O Centro de Saúde do Seixal afirma que não consegue assegurar este procedimento por falta de recursos humanos e por não ser da sua competência, sem terem orientado e encaminhado a situação antecipadamente de modo a prevenir a vergonha que se está a viver agora e a garantir a dignidade desta criança.

A escola começou vai para três semanas e a F. não conheceu novos professores, não reviu os colegas e tem ido todos os dias, às costas da mãe para o trabalho desta (porque tem marcha claudicante e anda com dificuldades) , para não ficar sozinha em casa e colocando em risco o posto de trabalho da progenitora e cujo salário é o ganha-pão de toda a família,

Neste jogo de empurra responsabilidades é garantido que o superior interesse da F. não está assegurado nem do ponto de vista da Saúde nem da Educação, estando privada de cuidados fundamentais a todas as crianças. A todos os seres humanos.

É da responsabilidade do Estado que somos todos nós proteger as crianças. É da minha responsabilidade contar-vos cheia de raiva e exasperada que a mãe da F. liga-me há vários dias à noite a chorar, com uma tristeza profunda pela discriminação com que a filha é vetada pelos serviços de educação e saúde porque nasceu com uma deficiência.

A F. um dia aprenderá a auto-algaliar-se, estou certa.

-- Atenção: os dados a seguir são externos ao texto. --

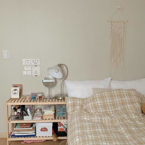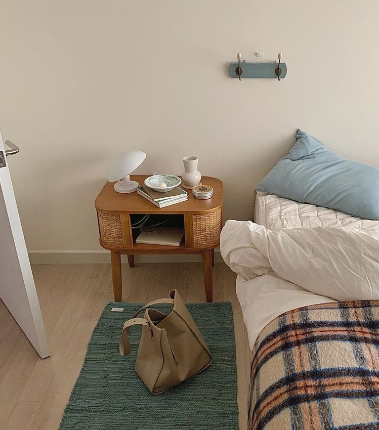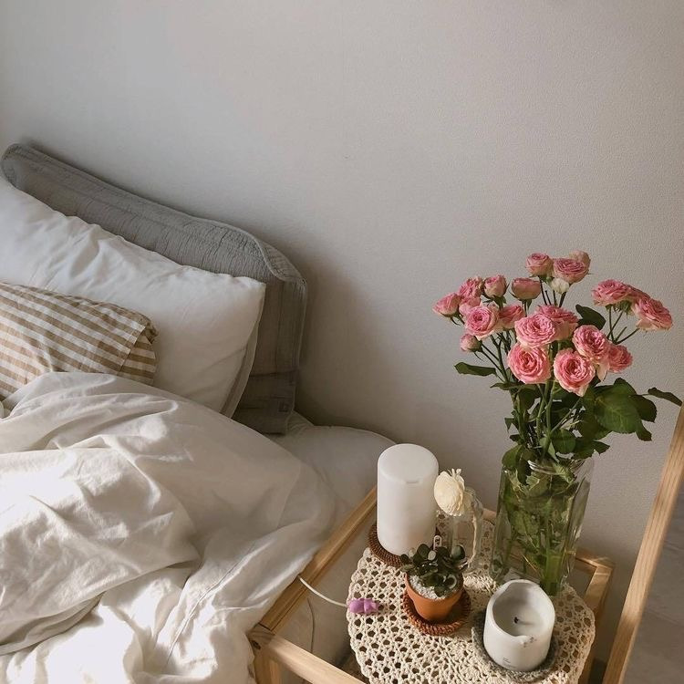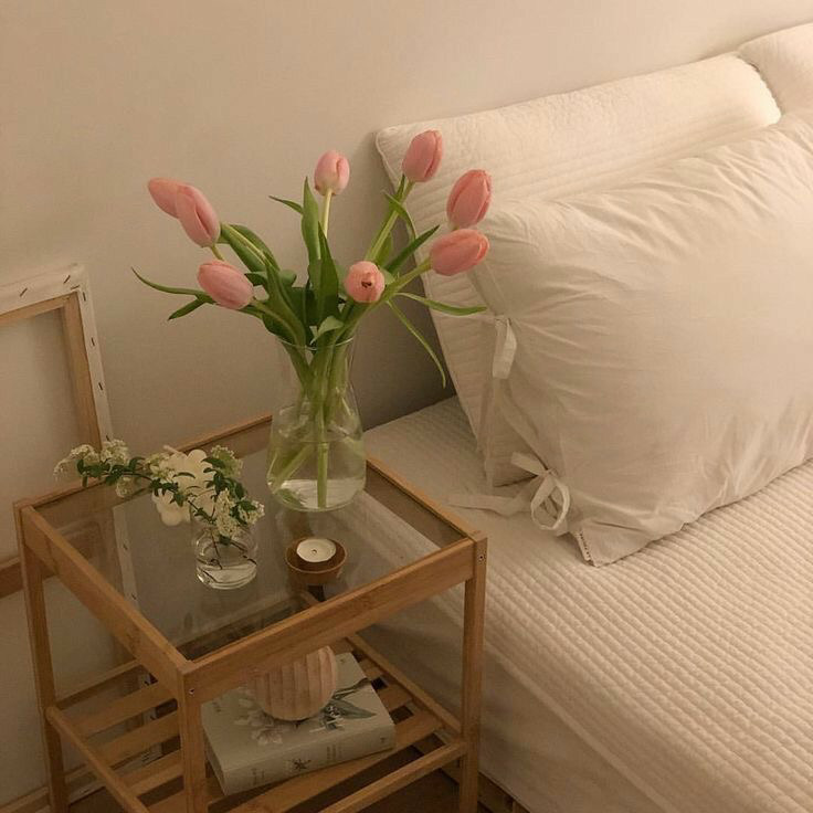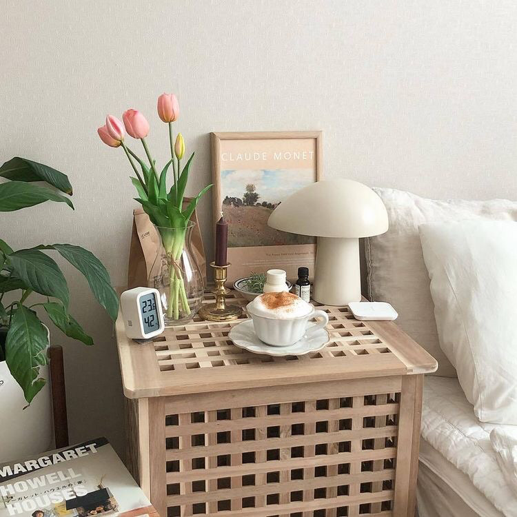 침대 옆 협탁이 만들어주는 아늑한 공간을 잘 활용해보면 좋겠다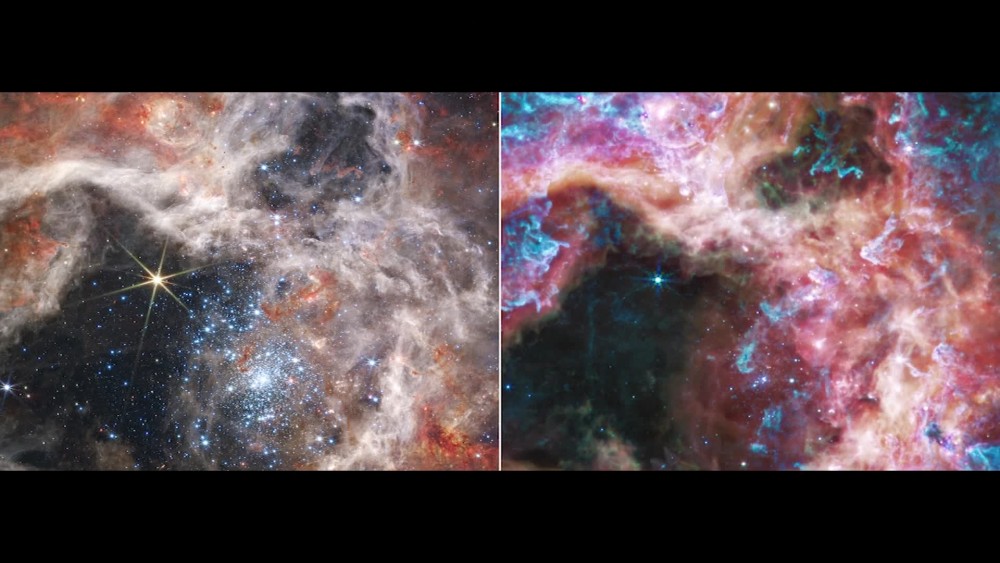 NASA's James Webb Space Telescope has captured thousands of never-before-seen young stars in the Tarantula Nebula, a stellar nursery called 30 Doradus.The young stars were previously shrouded from view by cosmic dust.Astronomers are using two of Webb's spectrographs to take a closer look at this region and determine the chemical makeup of a prominent older star and its surrounding gas.

É um procedimento delicado e respeitaremos o seu ritmo de aprendizagem e a sua maturidade para o fazer.

Mas, até lá, alguém dos serviços de Saúde deste país tem que o garantir sob pena da menina perder a sua função renal a curto/médio-prazo. Sob pena de não poder voltar à instituição “Escola”, a mesma que denuncia pais à CPCJ em caso de absentismo prolongado dos alunos mas que relativamente à F. faz questão da a empurrar para esta situação de discriminação profunda.

Mas, até lá, alguém dos serviços de Educação deste país tem que garantir que a F. vai à escola, como qualquer aluno da sua idade o faz há três semanas.

A F. tem 11 anos. Vaidosa, coquete, bem disposta, meiga, divertida … até quando?